BEGIN RECORDS TO PROCESS
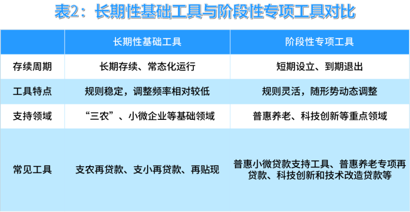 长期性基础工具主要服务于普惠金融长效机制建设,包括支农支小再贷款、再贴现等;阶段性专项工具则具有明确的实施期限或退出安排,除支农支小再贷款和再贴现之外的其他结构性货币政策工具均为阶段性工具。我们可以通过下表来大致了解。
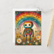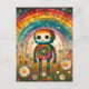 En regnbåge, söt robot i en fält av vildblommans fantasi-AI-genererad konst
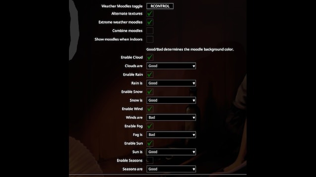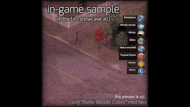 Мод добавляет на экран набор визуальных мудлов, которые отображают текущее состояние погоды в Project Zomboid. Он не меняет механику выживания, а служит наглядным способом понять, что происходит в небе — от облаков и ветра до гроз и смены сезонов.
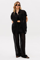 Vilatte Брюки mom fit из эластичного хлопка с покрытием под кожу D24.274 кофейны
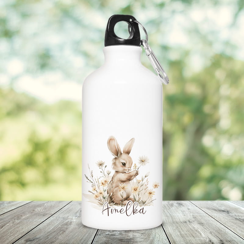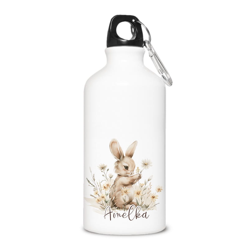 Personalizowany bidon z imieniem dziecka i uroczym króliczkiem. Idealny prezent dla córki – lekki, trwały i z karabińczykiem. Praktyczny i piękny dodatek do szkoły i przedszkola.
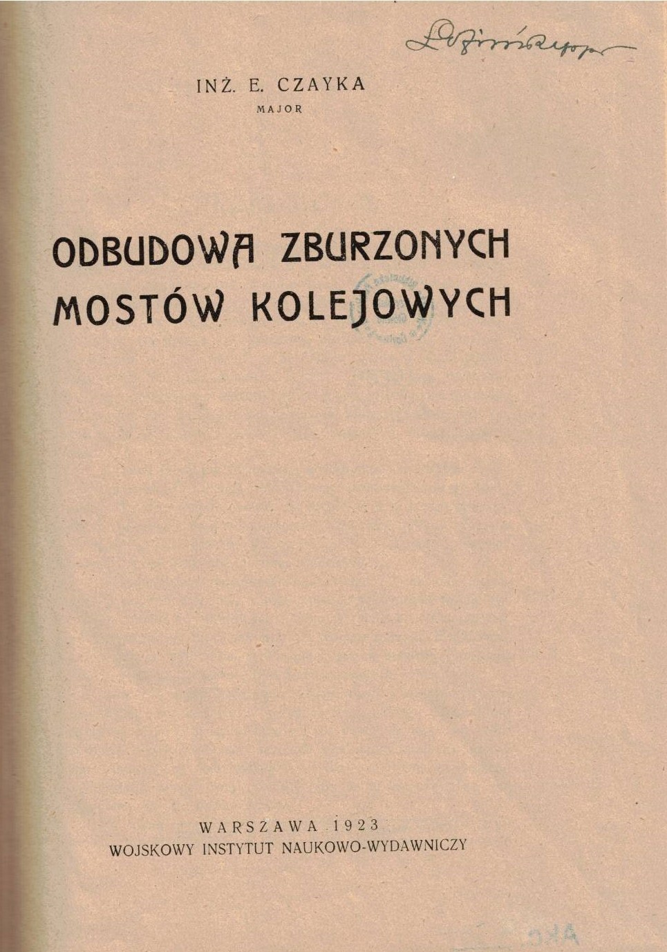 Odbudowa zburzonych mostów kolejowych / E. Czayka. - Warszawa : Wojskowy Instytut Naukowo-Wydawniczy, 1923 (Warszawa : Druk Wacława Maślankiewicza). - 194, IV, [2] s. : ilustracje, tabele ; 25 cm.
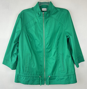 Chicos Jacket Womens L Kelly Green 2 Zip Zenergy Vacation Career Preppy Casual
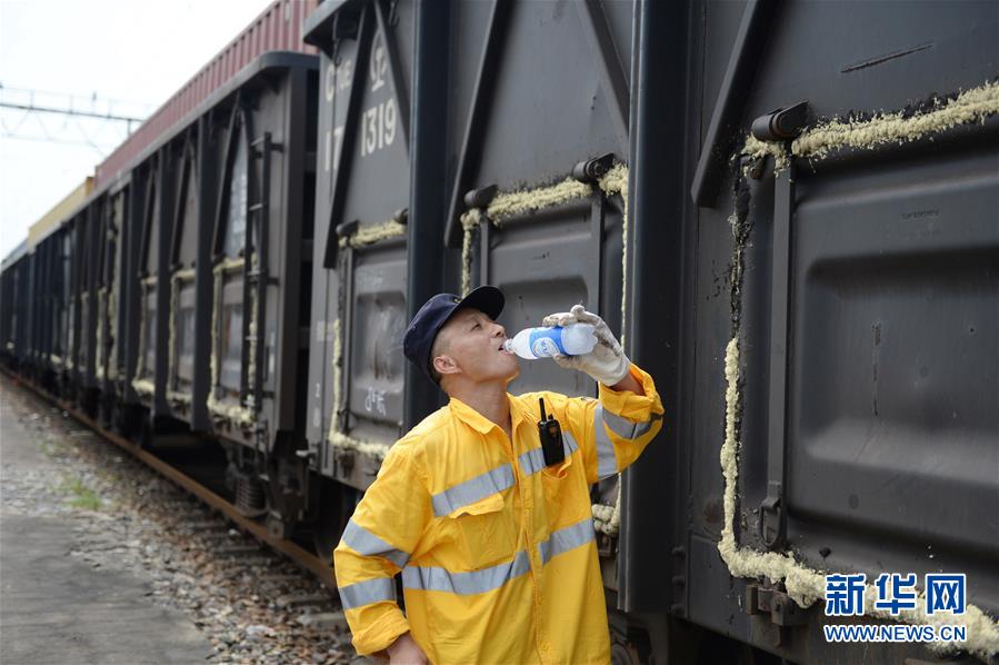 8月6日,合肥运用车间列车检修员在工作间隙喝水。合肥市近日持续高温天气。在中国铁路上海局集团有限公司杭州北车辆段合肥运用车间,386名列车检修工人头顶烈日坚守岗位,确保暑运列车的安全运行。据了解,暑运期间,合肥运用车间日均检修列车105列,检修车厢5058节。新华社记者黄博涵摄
END RECORDS TO PROCESS
PROBLEM REQUIREMENTS
With the pictures excluded, the line containing "Odbudowa zburzonych mostów" and every line after it through the end of the data above are to be transcribed exactly, and nothing more.

WRITTEN ANSWER
 Odbudowa zburzonych mostów kolejowych / E. Czayka. - Warszawa : Wojskowy Instytut Naukowo-Wydawniczy, 1923 (Warszawa : Druk Wacława Maślankiewicza). - 194, IV, [2] s. : ilustracje, tabele ; 25 cm.
 Chicos Jacket Womens L Kelly Green 2 Zip Zenergy Vacation Career Preppy Casual
 8月6日,合肥运用车间列车检修员在工作间隙喝水。合肥市近日持续高温天气。在中国铁路上海局集团有限公司杭州北车辆段合肥运用车间,386名列车检修工人头顶烈日坚守岗位,确保暑运列车的安全运行。据了解,暑运期间,合肥运用车间日均检修列车105列,检修车厢5058节。新华社记者黄博涵摄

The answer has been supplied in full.